Are we to end emergency room requirements to take anyone Carson expresses delight later in the speech that poor man with diabetes would be put in a financial situation where he would know it would ruin him to go to the emergency room. The way this would be workable is if emergency rooms were no longer required to just take anyone who shows up. Good Samaritans no more? Is that a bible principle?
Today I heard, in a Christian context, someone say that the media won't report on persecution of Christians in Iraq because that might reduce sympathy for Muslims in their fight against Israel.
What was so sad was how ridiculously easy it was to find multiple cases of reporting on such persecution.
And to top if off, here's an 2010 article from Bloomberg about how Hillary Clinton and the United Nations Human Rights Council. Aren't all three of these supposed to hate Christians?

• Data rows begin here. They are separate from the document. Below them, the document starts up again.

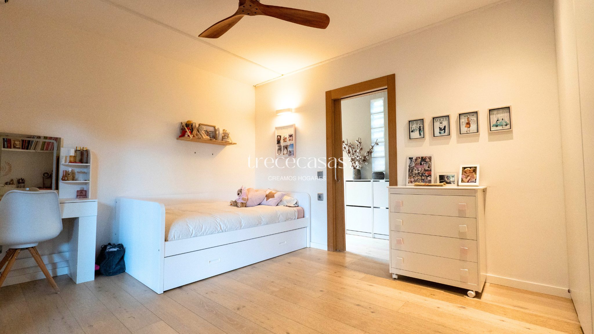 En esta misma planta se ubican tres dormitorios. Dos son dobles y disponen de baño completo. La suite principal ofrece privacidad, vistas verdes y un baño en suite bien proporcionado, pensado para el descanso.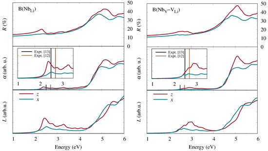Optical properties derived from the dielectric function within the BSE: reflectivity R (top), absorption coefficient (middle), and electron-energy-loss function L (bottom) for z-polarized (red) and x-polarized (blue) light. The left panels correspond to bipolarons at a Nb antisite defect, the right panels to bipolarons at a Nb–V defect pair. In the plots of the absorption coefficients, vertical lines indicate the position of the absorption band assigned to bipolarons in different experiments [12,13].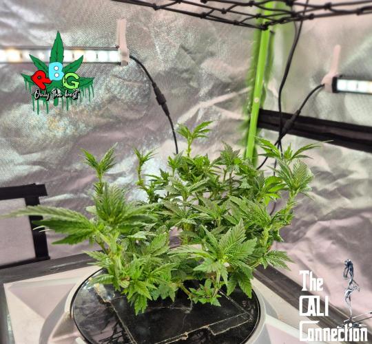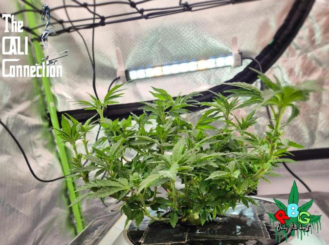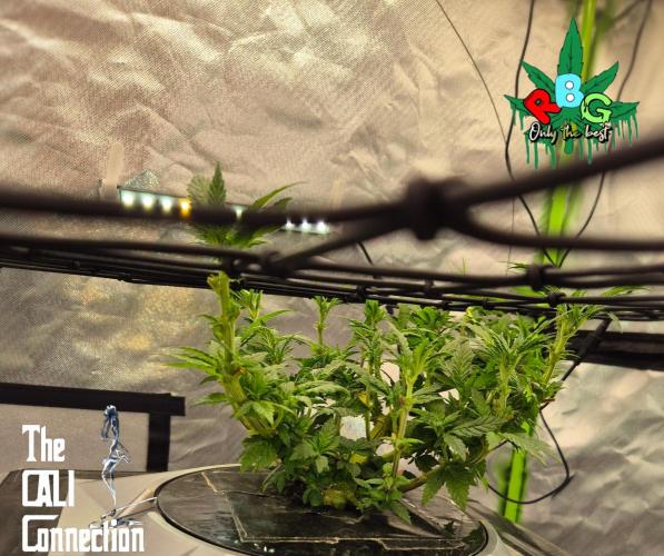 RBG LA is doing lovely, she's was originally the tallest but after folding her like a lawn chair after a big day on the beers her upward growth has slowed right down and she's starting to push outwards like I was anticipating. LA punch is an unreleased genetic from Cali connection. I suggest if you top her to top her once. Relax on the defoilation and let her grow out. She is quiet compact and wants to stay together so you need to try and be forceful to get your way but do be careful. Doesn't like stress in the sense of defoilation and topping early on but handles high PH, high EC and high temperatures so far but obviously not for long otherwise you can seriously stunt your ladies.

That's all I got because I got disgusted with the exercise.
I'm not saying that persecution of Christians is not a very serious problem. I have taken efforts to get Christian youth involved in the topic. I would strongly encourage readers to be involved in any of several advocacy organizations on the topic, such as Voice of the Martyrs. But I do think it's also very serious when Christians state the easily disprovable as a given. When they say things that take two minutes of Googling to prove wrong. Another word for this is lie. This is wrong for several reasons:
It raises the question, "What else is demonstrably untrue in your witness?"
It fails at a "best construction", even if it is against journalists! ;) Such professions can be allies in the campaign to get the truth out, as our "Red State" friends above have seen.
It is just one more way that some evangelicals force nonbelievers (and believers!) to check their brains at the door.
Here's my final sentiment:
Follow Christ. Be an evangelical. Don't follow the evangelical herd.